Layer assignment — uneven is sometimes right

A surprising practical detail: layers aren't always evenly distributed across stages. The first stage has the embedding (often big — 200M params for a 32k vocab × 4096 d model), and the last stage has the LM head (same size). Stages 0 and N-1 are heavier than the middle stages if we just split layers evenly. Sometimes we move the LM head onto a separate stage, or pack fewer layers into stage 0 to compensate.
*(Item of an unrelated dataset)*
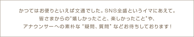 また、掲載するメッセージにのみお返事することを、あらかじめご了承ください。
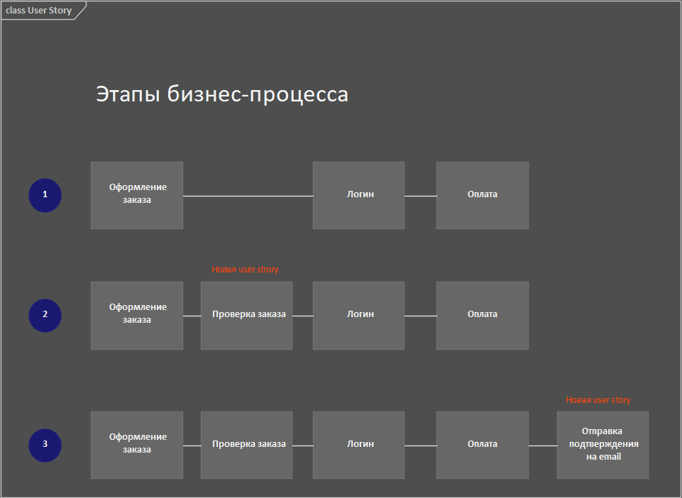 В Agile-проектах цель обычно разбивается на отдельные единицы работы, каждая из которых описывает функциональность или возможность действия с точки зрения конечного пользователя. Эти блоки работы называются user stories (пользовательские истории).

Megatron and friends expose this as a per-stage layer count.

Cost summary

QuantityPer-step cost
Activation Send between stages(M + N - 1) · 2 · B · T · d bytes per stage boundary, per step
Activation Recv at stages 1..N-1Same as above
Gradient AllReduceZero — PP doesn't AllReduce gradients (each stage's params are unique to that stage)
Peak activation memory per stageGPipe: ~M · (B, T, d). 1F1B: ~N · (B, T, d)
Bubble fraction(N - 1) / (M + N - 1) · (or with V·M for interleaved)

When PP is the right hammer

Interactive · the bubble in motion

Drag N (stages) and M (micro-batches). The widget animates the GPipe and 1F1B schedules side by side, with the bubble fraction in the KPIs. Try M = N — the bubble's nearly half the run. Now M = 4N: better. M = 16N: bubble is small but activation memory under GPipe is huge — that's the slider in real life.

GPipe vs 1F1B · bubble visualisation
Each row is a stage. Coloured cells: forward (blue) and backward (orange) micro-batches. Grey cells are idle (bubble). Toggle the schedule to compare.
bubble fraction
total slots
active slots
memory class
Takeaway
PP's bubble is (N - 1) / (M + N - 1). To shrink it you crank M. Cranking M needs activation memory — which is exactly what 1F1B's reduced peak-memory unlocks. Interleaved 1F1B and zero-bubble schedules attack the formula directly. PP is cheap on comm — point-to-point only — which is why it lives across nodes in 3D parallelism.